Resistance patterns of enterococci isolates depending on the animal species (interpretation against CLSI 2021).
Antimicrobial | Enterococcus faecalis | Enterococcus faecium | ||
---|---|---|---|---|
|
|
|||
Resistant isolates, % | 95% Confidence interval | Resistant isolates, % | 95% Confidence interval | |
Cattle (n=51) | Cattle (n=104) | |||
AMP | 0 | 0-7 | 1 | 0.2-5.3 |
CHL | 9.8 | 4.3-21 | 1 | 0.2-5.3 |
CIP | 2 | 0.4-10.3 | 20.2 | 13.6-28.9 |
ERY | 13.7 | 6.8-25.7 | 35.6 | 27-45.1 |
GEN | 0 | 0-7 | 0 | 0-3.6 |
RIF | 84.3 | 72-91.8 | 70.2 | 60.8-78.1 |
STR | 2 | 0.4-10.3 | 0 | 0-3.6 |
TET | 15.7 | 8.2-28 | 7.7 | 4-14.5 |
VAN | 0 | 0-7 | 0 | 0-3.6 |
Chicken (n=146) | Chicken (n=41) | |||
AMP | 0 | 0-2.6 | 14.6 | 6.9-28.4 |
CHL | 21.9 | 16-29.3 | 4.9 | 1.4-16.1 |
CIP | 24.7 | 18.4-32.2 | 75.6 | 60.7-86.2 |
ERY | 60.3 | 52.2-67.9 | 61 | 45.7-74.3 |
GEN | 0 | 0-2.6 | 0 | 0-8.6 |
RIF | 48 | 40-56 | 43.9 | 29.9-59 |
STR | 3.4 | 1.5-7.8 | 4.9 | 1.4-16.1 |
TET | 95.2 | 90.4-97.7 | 48.8 | 34.3-63.5 |
VAN | 0 | 0-2.6 | 0 | 0-8.6 |
Duck (n=31) | Turkey (n=40) | |||
AMP | 0 | 0-11 | 5 | 1.4-16.5 |
CHL | 6.5 | 1.8-20.7 | 50 | 35.2-64.8 |
CIP | 6.5 | 1.8-20.7 | 100 | 91.2-100 |
ERY | 9.7 | 3.4-24.9 | 100 | 91.2-100 |
GEN | 0 | 0-11 | 0 | 0-8.8 |
RIF | 83.9 | 67.4-92.9 | 50 | 35.2-64.8 |
STR | 3.2 | 0.6-16.2 | 45 | 30.7-60.2 |
TET | 45.2 | 29.2-62.2 | 100 | 91.2-100 |
VAN | 0 | 0-11 | 0 | 0-8.8 |
Pig (n=49) | Sheep (n=31) | |||
AMP | 0 | 0-7.3 | 0 | 0-11 |
CHL | 22.5 | 13-35.9 | 0 | 0-11 |
CIP | 22.5 | 13-35.9 | 32.3 | 18.6-49.9 |
ERY | 87.8 | 75.8-94.3 | 16.1 | 7.1-32.6 |
GEN | 0 | 0-7.3 | 0 | 0-11 |
RIF | 65.3 | 51.3-77.1 | 77.4 | 60.2-88.6 |
STR | 30.6 | 19.5-44.5 | 0 | 0-11 |
TET | 100 | 92.7-100 | 19.4 | 9.2-36.3 |
VAN | 0 | 0-7.3 | 0 | 0-11 |
AMP=Ampicillin, BAC=Bacitracin, CHL=Chloramphenicol, CIP=Ciprofloxacin, ERY=erythromycin, GEN=gentamicin, RIF=Rifampicin, STR=Streptomycin, TET=Tetracycline, TRI=Trimetohoprim, TRI-SUL=Trimethoprim-Sulfamethoxazole, VAN=Vancomycin, VIR=Virginiamycin
Comparing data on resistance of isolates from different animals (using EUCAST2021and CLSI 2021 criteria), the same trend was found as for microbiological resistance: In general, for most antimicrobials, the percentages of R-isolates of E. faecalis from chickens and pigs seem to be greater than those from cattle and ducks.
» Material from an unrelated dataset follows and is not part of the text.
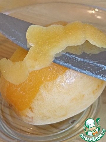 Помытые абрикосы очистить от кожицы (делать это надо маленьким ножом с тонким лезвием, кожицу снимать тонко).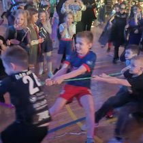 Podczas balu nie zabrakło emocjonujących konkurencji i zabaw ruchowych, takich jak przeciąganie liny, zabawy z chustą animacyjną oraz taniec z balonem. Wszystkie atrakcje dostarczyły dzieciom wiele radości, śmiechu i pozytywnych emocji.

The percentages of R-isolates of E. faecium from turkeys and chickens are generally greater than from cattle and sheep.
Among all bacteria/animal combinations, the overall resistance of E. faecium isolates from turkeys seems to be the greatest: >50% for six out of seven antimicrobials tested (according to EUCAST2021); >45% for six out of seven antimicrobials (according to CLSI 2021), including 100% resistance to ciprofloxacin, tetracycline, and erythromycin (CLSI 2021).
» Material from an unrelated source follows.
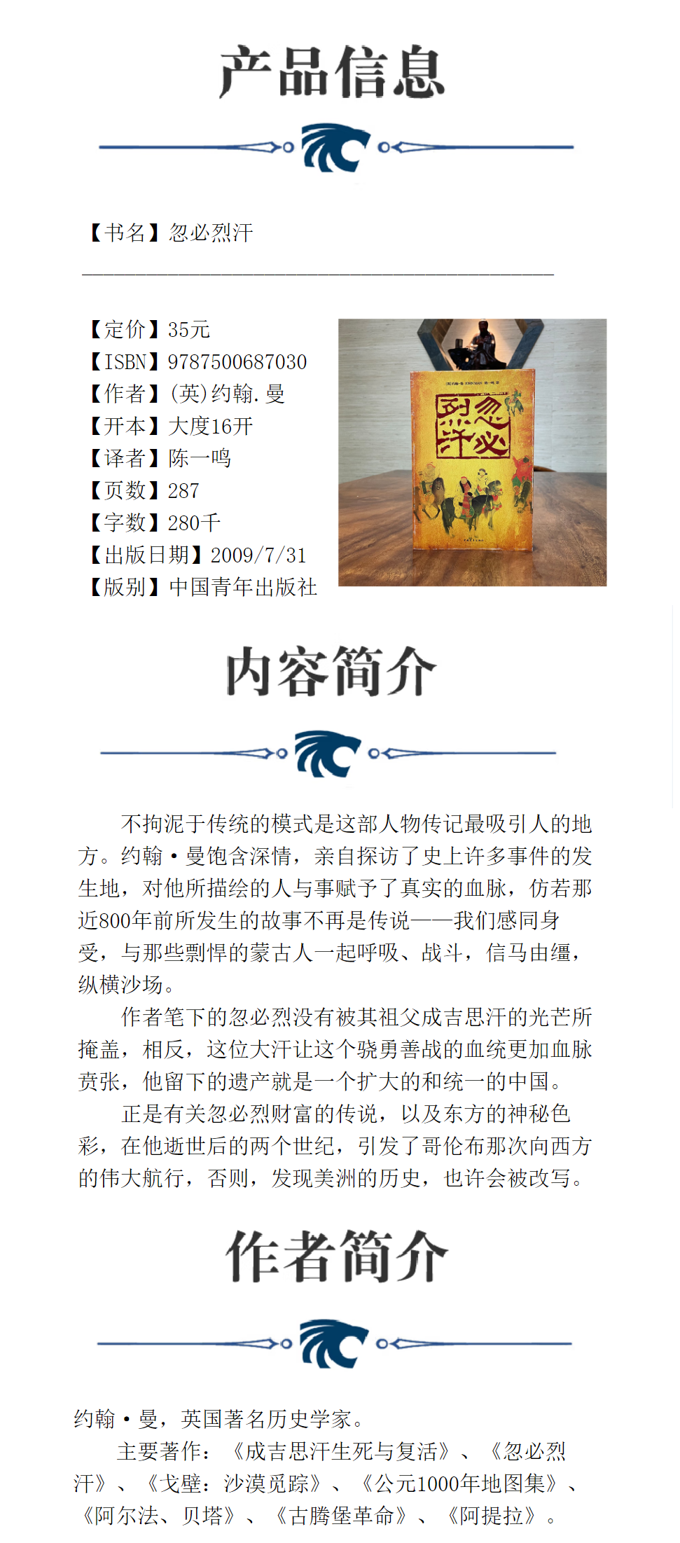 忽必烈汗(英)约翰.曼著/陈一鸣译 中国青年出版社

Previously, we demonstrated similar resistance orders to most antimicrobials for commensal E. coli from turkeys, chicken, cattle, and pigs [26]. Thus, the high levels of AMR of enterococci and E. coli isolated from turkeys is likely not due to the nature of the bacteria but rather to the higher antimicrobial usage for turkeys in Russia. Further research is needed to correlate antimicrobials use in Russia and commensal enterococci resistance. All turkey isolates were from two farms belonging to an agricultural cluster with intensive farming practices in Belgorod Oblast.
Resistance to streptomycin and gentamicin was similar for most bacteria/animal combinations. However, for E. faecalis from pigs and E. faecium from turkeys, more isolates were resistant to gentamicin than streptomycin (51% vs. 31% for pigs and 94% vs. 53% for turkeys), suggesting a different genetic mechanism of resistance to these two different members of the aminoglycoside family.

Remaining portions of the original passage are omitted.